Adult story hour in Jaffrey is keeping seniors sharp

  • The woman in the polka-dot dress is Eileen Eben and the woman in red is Julie Perrin. Courtesy Photo—

  • Eileen Eben reads to the group. Courtesy Photo

  • The woman in the polka-dot dress is Eileen Eben and the woman in red is Julie Perrin. Courtesy Photo—

  • The woman in the polka-dot dress is Eileen Eben and the woman in red is Julie Perrin. Courtesy Photo—

Monadnock Ledger-Transcript
Published: 7/18/2019 9:54:12 AM

“For that moment, it’s like they’ve gone back in time. You wouldn’t even know they had memory issues,” Christine Selmer said.

As the director of the Monadnock Adult Care Center, Selmer works to improve the quality of life for clients that face physical, emotional, or social challenges. Often times, this means finding new and creative ways to assist them in their daily lives.

Last October, a conversation between Selmer and her friend Julie Perrin, Director of the Jaffrey Public Library, led to a breakthrough in client care.

“I started bringing books over so we could start a little library for the clients,” Perrin said. “The idea for a new program just grew from that.”

Many of the patients at the Care Center suffer from dementia or Alzheimers, impairing their memory and creating a new layer of everyday challenges. After researching the topic, Selmer saw the library as the perfect tool to bridge memory gaps.

Now, Perrin and Library Assistant Eileen Eber visit the clients at the Care Center every Wednesday for an adult story-hour and memory cafe. Typically, Eber will read an older poem while Perrin will choose a stories with silly characters.

“It was intimidating at first. We don’t want them to feel like children. We want them to get something out of it,” Perrin said.

Just as they hoped, the poems and stories are tapping into the clients’ memories, triggering conversations and revealing mental connections.

“During one story-time, we read the poem ‘Annabel Lee’ and almost everyone joined in and started reciting it,” Perrin said. “That was a poem that they all used to read in school.”

Since the program began last fall, Selmer has noticed unexpected transformations in many of her clients.
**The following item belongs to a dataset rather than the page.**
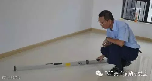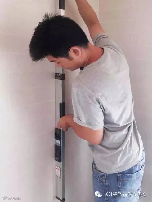 用大靠尺在贴好的瓷砖表面靠,允许误差3mm。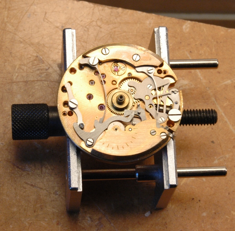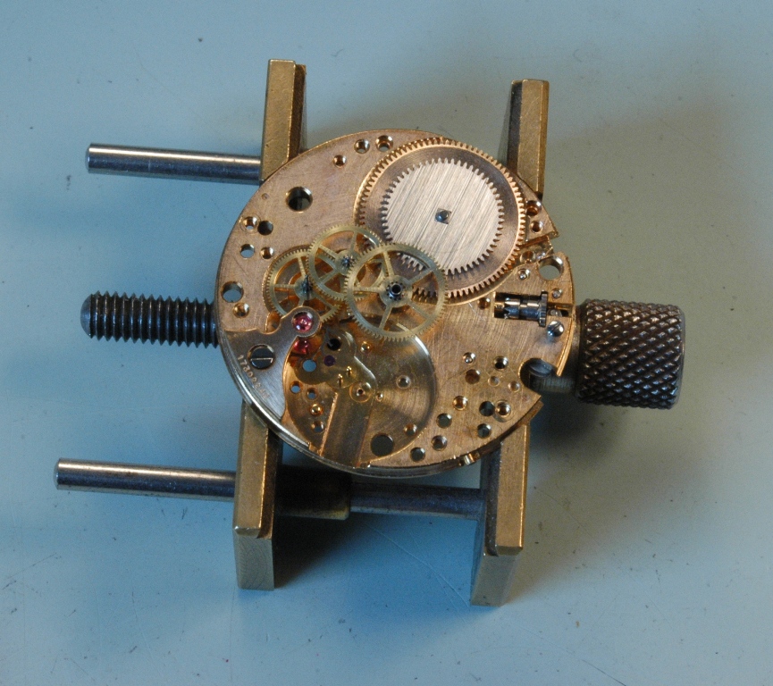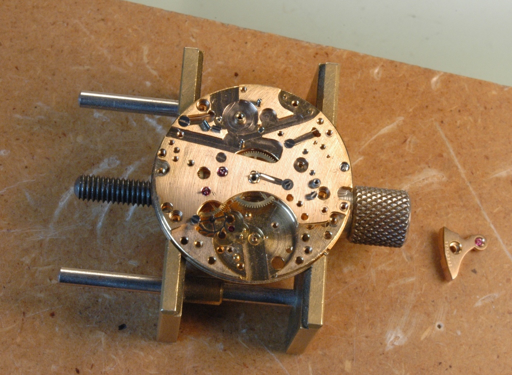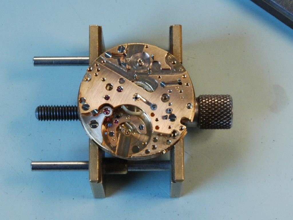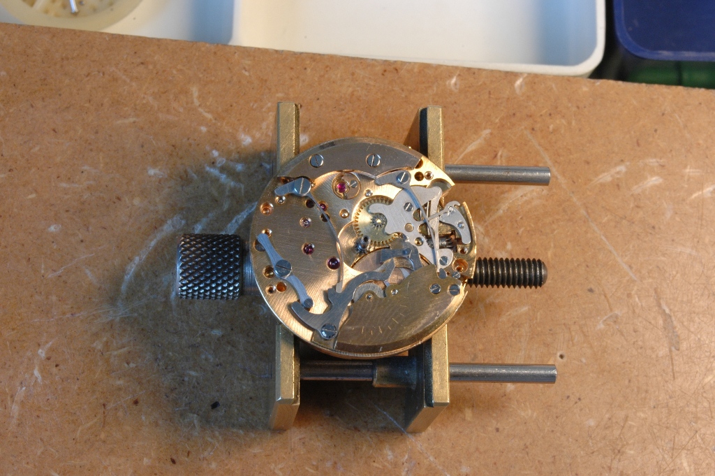 Je repose la minuterie et je mets le pont en place, ensuite la roue d'échappement et son pont séparé. Je huile.

Those who used to sit passively are now vibrant and interacting. “They may never know my name, but they’ll know every word to all of these old, famous songs,” she said.

After listening to a French version of The Cat in the Hat, one woman was connected back to her second language and started reading the rest of the book herself. “She could read it so fluently. It was absolutely amazing,” Selmer said. “It gave me chills.”

For Perrin and Eber, story-hour is a perfect reflection of the heart of their mission as librarians. Every time they walk into the Care Center and see the clients light up, they know they’re making a difference.

Their efforts to help the memory care clients go beyond story-hour. In the small, make-shift library at the Care Center, the clients check books out by signing old library cards, the same method they used when they were younger. This way, the library helps them tap into past memories in the same way story-hour does.

Moving forward, Perrin hopes that other libraries see the benefits of reading to memory care clients and adopt similar programs. “It costs us nothing to do this,” she said. “This is why I became a librarian.”